= Assignment =
From the material below, return every line that includes "Phnom".

= Material for the task =
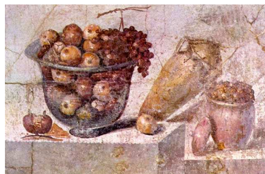
A still-life fresco from the House of Julia Felix, Pompeii

Receipts may be sent by email or with an SAE. Participants from outside the UK may pay upon arrival at the venue in UK sterling. Refunds will not be given for cancellations within two weeks of the meeting.
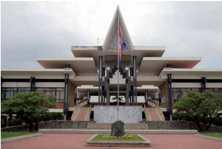
Royal University of Phnom Penh, Campus II

The Campus 2 of the Royal University of Phnom Penh was built between 1989 and 1991 with the support of the Vietnamese Communist government. It is located on five hectares of land on Russian Boulevard and has a lot of dark red brick walls and bridges. Apart from the class rooms of the Departments of Geography, History and Sociology, there is also the Royal Academy
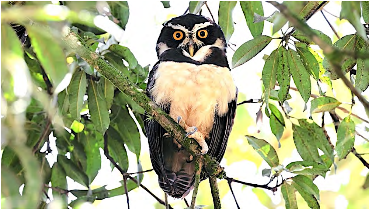
This gorgeous Spectacled Owl was seen near the Las Tangaras reserve on our 2022 tour. These owls are widespread, but seeing them is not an every-day event!

Day 5, Wed, 3 Jul. To RNA Las Tangaras. We will start with breakfast on the lovely town square and then depart for our destination of RNA Las Tangaras. We might make some birding stops en route, certainly for bathrooms in the town of Bolivar (and maybe day-roosting Spectacled Owls!). Soon after leaving Bolivar, we will cross a low pass in the Western Andes arriving to the ProAves reserve, RNA Las Tangaras, and our lodge for the next three nights. Our plan will be to lunch here, then bird the grounds and nearby forest patches in the afternoon. Night at Las Tangaras.
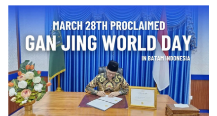
March 28, 2024 Declared Gan Jing World Day in Batam, Indonesia, recognizing impact of the #Kindness event.
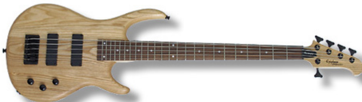
EPIPHONE EMBASSY STANDARD V
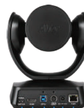
DIP switch HDMI out USB 3.1 type-B LAN for IP streaming and Power over Ethernet (PoE) DC 12V RS232 in/out

= Solution below =
Royal University of Phnom Penh, Campus II
The Campus 2 of the Royal University of Phnom Penh was built between 1989 and 1991 with the support of the Vietnamese Communist government. It is located on five hectares of land on Russian Boulevard and has a lot of dark red brick walls and bridges. Apart from the class rooms of the Departments of Geography, History and Sociology, there is also the Royal Academy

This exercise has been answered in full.